Мельница была домом его семьи уже несколько поколений. Халло жил прямо здесь, в длинном доме, построенном по обычаю германцев, рядом со своим детищем. Он и его сыновья жили вместе, как и водится у готов и франков. Вместе они и трудились здесь, честно зарабатывая себе на жизнь. Беда заключалась в том, что мельница приглянулась его милости графу. Полная безнаказанность аристократов, что захлестнула королевство франков после казни старой королевы Брунгильды, привела к тому, что все больше и больше свободных людей становилось перед выбором: либо превратиться в дичь для любого, кто имеет оружие, либо принять покровительство кого-то из знатных людей. А иногда и такого выбора не было. Упрямца могли бросить в темницу и пытать, пока он не подписывал купчую на свой надел, оцененный в десятую часть стоимости. Кое-где монахи просто переносили межевые столбы, и несчастный узнавал, что живет на церковной земле, и теперь он арендатор, а не вольный крестьянин. Старый общинный суд умирал, а его милость граф всегда был на стороне таких же, как и он сам, богачей.
Халло уже проиграл в таком суде. Дикое поначалу обвинение в убийстве тянулось уже давно, и оправдаться он не мог никак. У его дома нашли мертвую молодую женщину, и он никак не мог доказать, что убийца не он. Все стало еще хуже, когда графский викарий нашел ее мужа и выяснил, кто она. У нее был ребенок, и она могла еще иметь детей. А по Салическому закону за убийство свободной женщины, способной к деторождению полагался штраф в шестьсот солидов. Если бы она не могла иметь детей, то заплатить пришлось бы «всего» двести. Даже две сотни имперских золотых были неслыханной суммой, совершенно неподъемной для простого мельника. А уж шесть сотен...

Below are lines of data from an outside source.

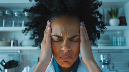 A young woman shows signs of stress and headache, placing her hands on her temples, in a cozy indoor setting with softly blurred lights, capturing a moment of intense emotion.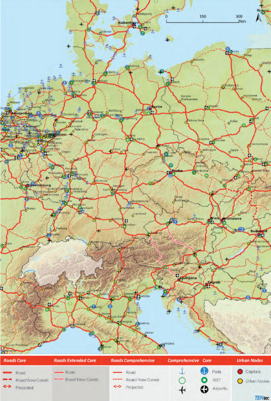 A map featuring EU plans for roads, ports, railroad terminals, and airports, with a whole nexus of paths cutting through and across Germany. Taken from the EU’s regulation to develop a European transport network (TEN-T, page 101).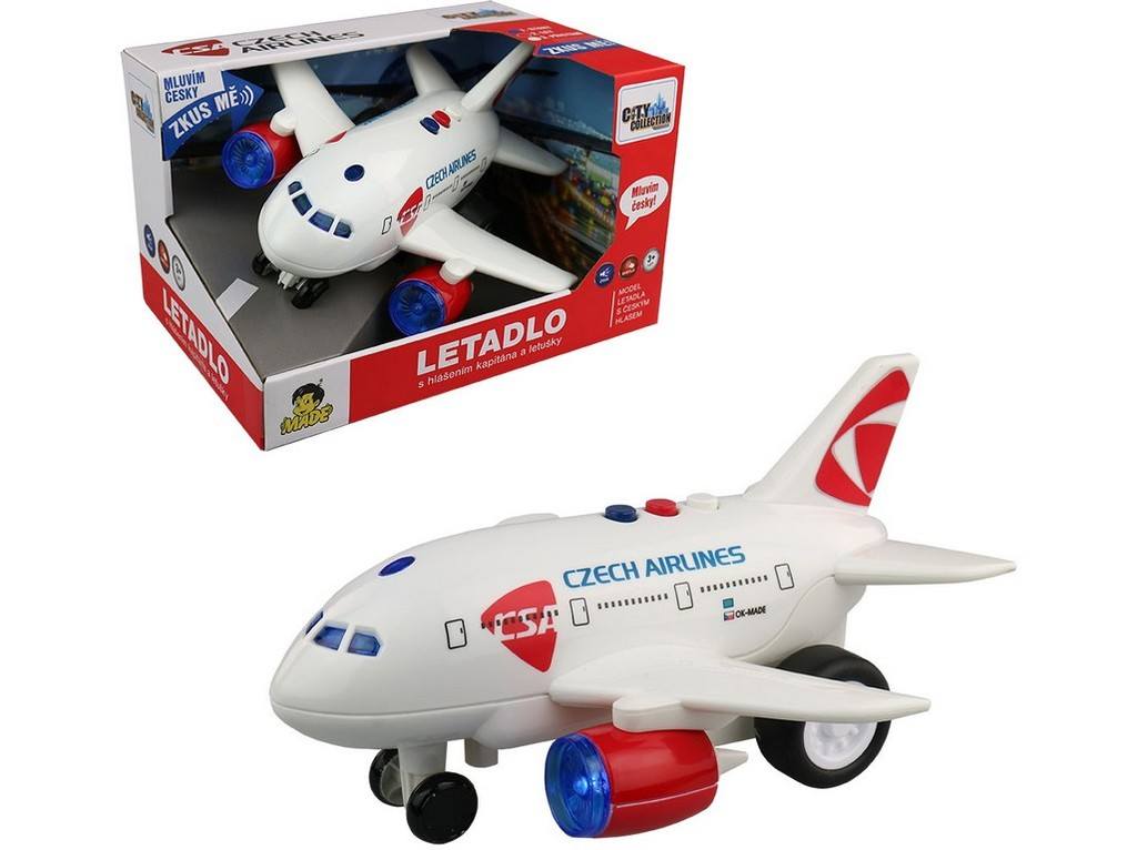 Dětské letadlo s licencí ČSA, s hlášením kapitána a letušky.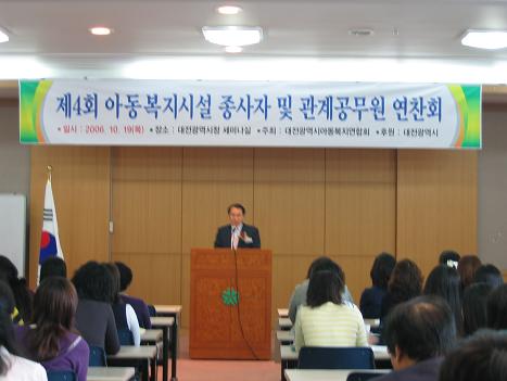 2006.10.20 10월 19일 아동 복지시설 종사자 및 관계 공무원 연찬회 페이지 정보 작성자 성우보육원 댓글 0건 조회 1,843회 본문 10월19일(목요일)아동 복지시설 종사자 및 관계 공무원 연찬회가 시청 세미나 실에서 있었습니다. 목록 댓글목록 댓글목록 등록된 댓글이 없습니다.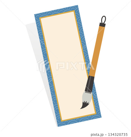 筆と短冊シンプルなフレーム 和風のベクターイラスト素材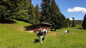 Au Couvert des Prés d’en Haut, nous avons droit à un accueil chaleureux de la part des génisses qui, pourtant bien à l’abri à l’intérieur du couvert, n’hésitent pas une seconde à en sortir pour venir vers nous.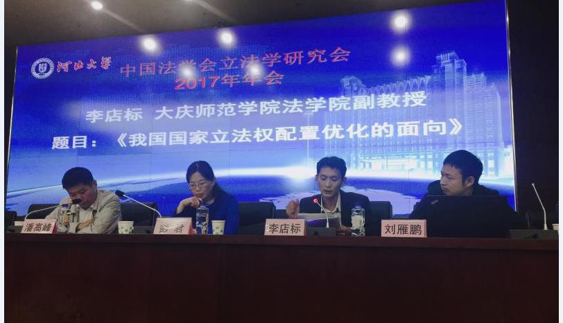 立法学研究会理事、公司李店标副教授应邀参加此次年会,并在会议第二单元“人大主导立法与立法体制创新”的分组会议上做了“我国国家立法权配置优化的面向”的报告。李店标副教授结合文本规定、理论成果和实践问题,揭示了我国国家立法权配置所面临的失衡、失调、失信和失控四重困境,提出了确权优化、分权优化、授权优化和控权优化四个具体面向,以期推动我国国家立法权配置的科学确权、合理分权、规范授权和有效控权。会议主持人和点评人对报告的选题价值、论题新颖、思路严密进行了充分肯定,并就内容上的个别细节问题提出了合理的完善建议。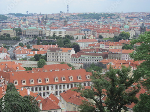 © HelenkaNNN, Fototapeta premium Panorama of Prague, view of the city roofs and domes of churches
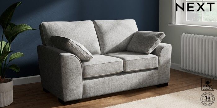 7.2.10 Stamford 2 Seater Small Sofa Chunky Boucle Easy Clean Light Grey Large Square Angle - Dark | Made Click here to use our website with more accessibility support, for example screen readers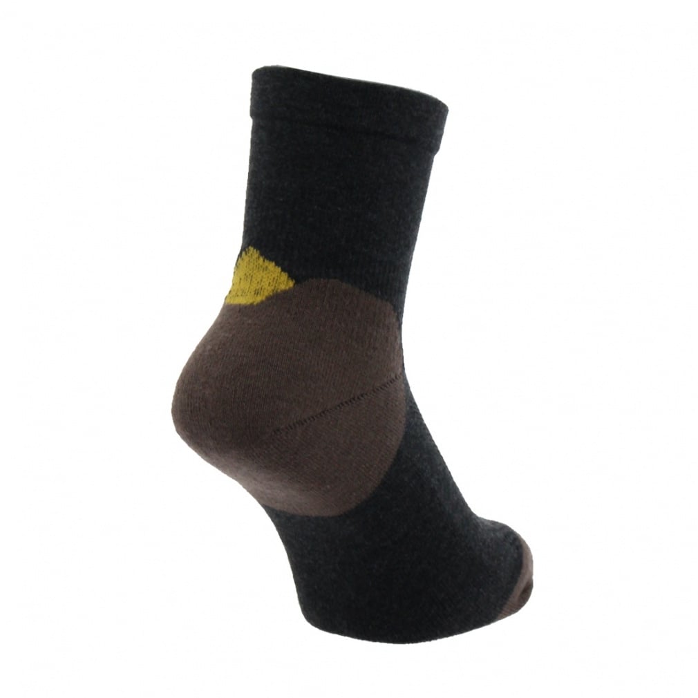 ◇爪先~くるぶしまでクッション性のあるパイル編みをし、甲部はメッシュ編みにして通気性を高めたテクニカルなミッド丈のパイルモデルです。ブーツ等で摩耗しやすい かかと にはナイロン糸で補強し、アウトドアでも活躍するソックスです。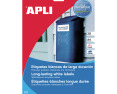 Etiketiniai lipdukai APLI Atsparios aplinkos poveikiui etiketės. Tinka kopijavimo aparatams, lazeriniams spausdintuvams. Etiketės pagamintos iš polisterio plėvelės. Sunkiai plyšta. Matmenys 70 x 37 mm. Skaidrūs. Lape 24 lipdukai. Pakuotėje 20 lapų.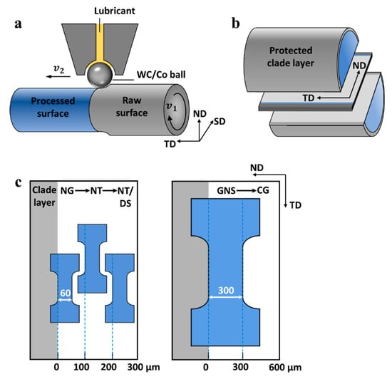 The material utilized for SMRT processing is a polycrystalline Ni alloy with a nominal composition of 22.7 Cr, 13.8 W, 1.05 Mo, 1.01 Fe, 0.94 Co, 0.44 Al, 0.42 Mn, 0.38 Si, 0.08 C, and Ni in bal. (in wt.%). The alloy sample was cut into cylinders with a diameter of 10 mm and a length of 160 mm, and then homogenized at 1222 °C for 1 h followed by water-quenching. A homogeneous CG microstructure with an average grain size of ~110 μm was achieved. In the SMRT processing (Figure 1a), the as-received Ni alloy rod rotated at a velocity of v1 with respect to a WC/Co alloy ball, which was enforced into the rod surface with a nominal penetration depth of 20 μm. Meanwhile, the WC/Co alloy ball displaced along the transversal direction (TD) (i.e., longitudinal axis of rod) from one end to the other with a velocity of v2. Liquid lubricating oil was fed between the WC/Co ball and rod as a coolant to reduce the transient temperature rise associated with the localized plastic deformation. In order to facilitate the micro tensile tests at various depths, the SMRT process was repeated eight times with the same procedure to maximize the thickness of the gradient-nanostructured layer.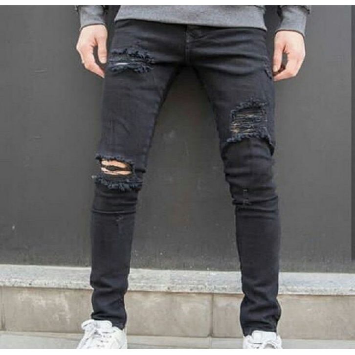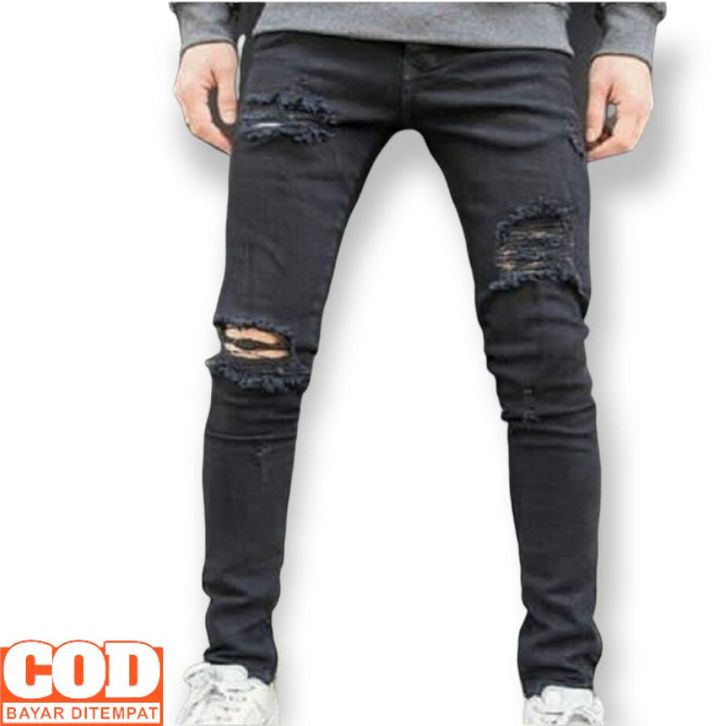 celana jeans cowok panjang sunmori sobek hitam pria celana panjang pria hitam 27-34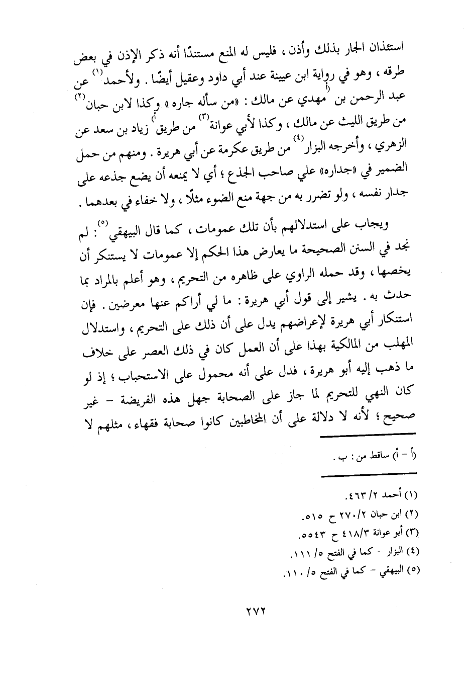 استئذان الجار بذلك وأذن، فليس له المنع مستندًا أنَّه ذكر الإذن في بعض طرقه، وهو في رواية ابن عيينة عند أبي داود وعقيل أيضًا. ولأحمد (¬1) عن عبد الرحمن بن (أمهدي عن مالك: "من سأله جاره" وكذا لابن حبان (¬2) من طريق اللَّيث عن مالك، وكذا لأبي عوانة (¬3) من طريق أ) زياد بن سعد عن الزُّهريّ، وأخرجه البزار (¬4) من طريق عكرمة عن أبي هريرة. ومنهم من حمل الضمير في "جداره" علي صاحب الجذع؛ أي لا يمنعه أن يضع جذعه على جدار نفسه، ولو تضرر به من جهة منع الضوء مثلًا، ولا خفاء في بعدهما.
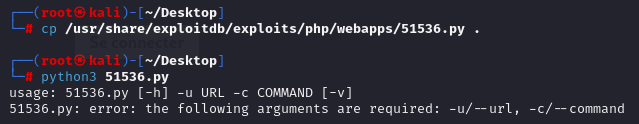 내장되어 있는 exploit 을 가져오고 사용법도 확인했다. -u 옵션을 사용해서 타겟 URL을 지정하고 실행시킬 코드를 -c 옵션 뒤에 적으면 된다.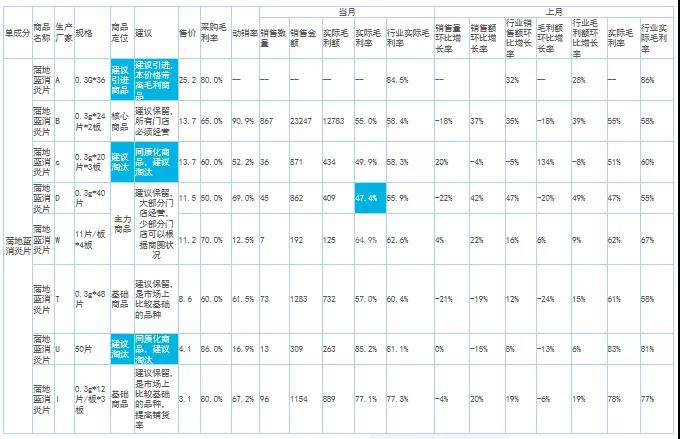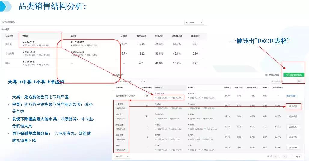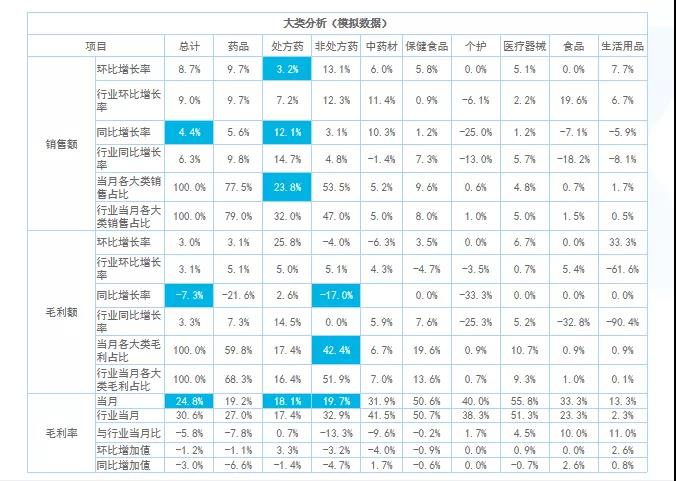 大類分析主要看整體銷售結(jié)構(gòu),找出核心大類的增長機會點。例如,這組數(shù)據(jù)中不管是整體毛利率還是銷售額增長率,都低于行業(yè)均值。細分處方藥、非處方藥及中藥等品類的情況可以看出,處方藥的同環(huán)比銷售額以及銷售占比均低于行業(yè)值,而毛利率卻高于行業(yè)值?梢缘贸觯瓿踔贫ㄌ幏剿帪楹诵脑鲩L大類的策略沒有落地。所以,接下來做中類、小類跟單成分分析的時候需要進行針對性監(jiān)控。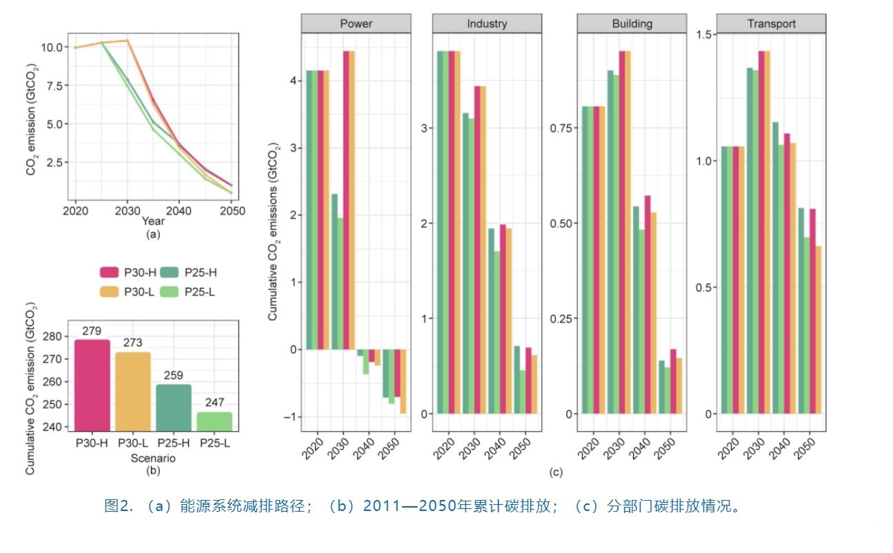 通過多情景比較發(fā)現(xiàn),提前達(dá)峰能夠給中國更多的時(shí)間來安排煤電廠的有序退役和可再生能源的平穩(wěn)部署。雖然提前達(dá)峰在短期內(nèi)可能會(huì)有更大的轉(zhuǎn)型壓力,但從長遠(yuǎn)來看,這是最具有成本效益的選擇。同時(shí),提前達(dá)峰帶來的累計(jì)排放量減少,也將縮小21世紀(jì)下半葉對于負(fù)排放的大量需求。盡管4個(gè)情景2050年局地空氣污染物的排放差異不大,但是提前實(shí)現(xiàn)碳達(dá)峰將導(dǎo)致未來15年的空氣質(zhì)量得到明顯改善。2050年更低的排放值會(huì)增加整體的減排壓力,這將導(dǎo)致可再生能源和負(fù)排放技術(shù)的進(jìn)一步擴(kuò)張。需求部門在能源轉(zhuǎn)型中也將通過減少能源需求(但增加福利損失)、使用高成本技術(shù)(大規(guī)模使用氫能)等策略來應(yīng)對更為嚴(yán)格的排放約束。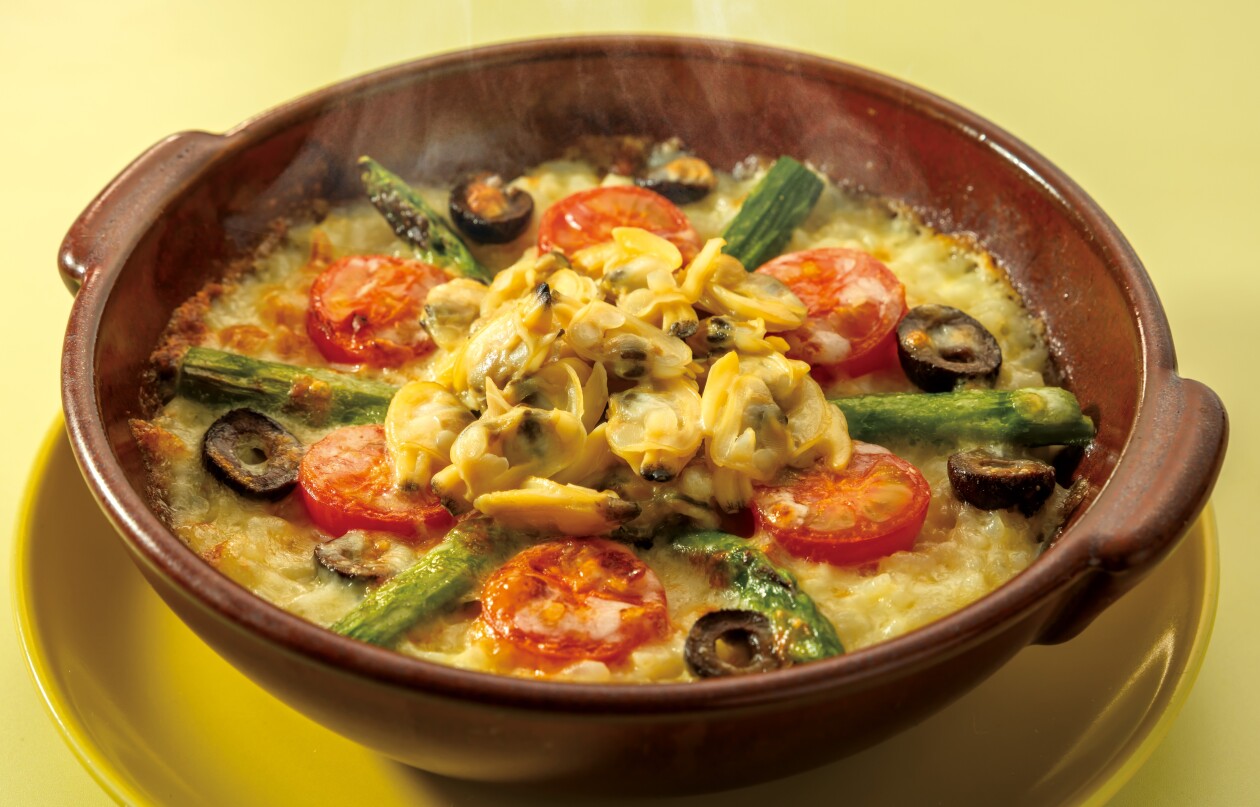 旬のアスパラとトマト、旨みたっぷりのあさりに風味豊かなブラックオリーブを添えて。ホワイトソースとチーズのまろやかな味わいです。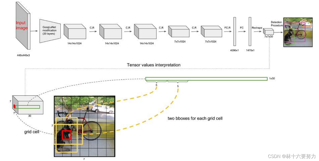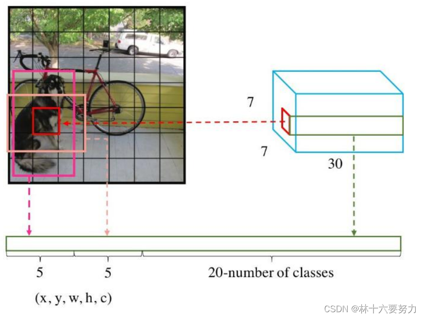 注:关于 7×7×30的预测结果,是指将图像分为7*7的网格,同时30中,1~5代表第一个先验框的(x,y,w,h)以及置信度c,6~10代表第二个先验框,11~30代表对应20个类别的预测概率

Халло сидел на чурбаке и тупо смотрел на текущую мимо него равнодушную реку. Его всегда успокаивал вид воды. Но не сегодня. Сегодня его окончательно признали виновным и приговорили к штрафу по закону. Он не прошел испытания кипятком, и на его руках были ожоги. Даже бог был против него... А что еще нужно для того, чтобы признать вину? Рахинбурги, лучшие люди, сидевшие в суде присяжных, были подкуплены или запуганы. А это значит, что теперь мельницу заберет его милость граф, а его семья пойдет в вечную кабалу. Был еще один старый закон, по которому виновный мог бросить в кого-то из родственников горсть земли, и тот тоже становился ответчиком. Но таких денег не было ни у кого из них. Впрочем, Халло мог уплатить виру за убийство своей жизнью, но и после этого мельницу все равно забрали бы. Мельник уже подумывал достать верный сакс, приставить к сердцу и упасть на землю. Хорошая, быстрая смерть, после которой вечно гореть ему в адском пламени. От обдумывания этой захватывающей перспективы и отвлек мельника молодой парень в богатом плаще, который смотрел на него бесшабашным взглядом пронзительно-синих глаз.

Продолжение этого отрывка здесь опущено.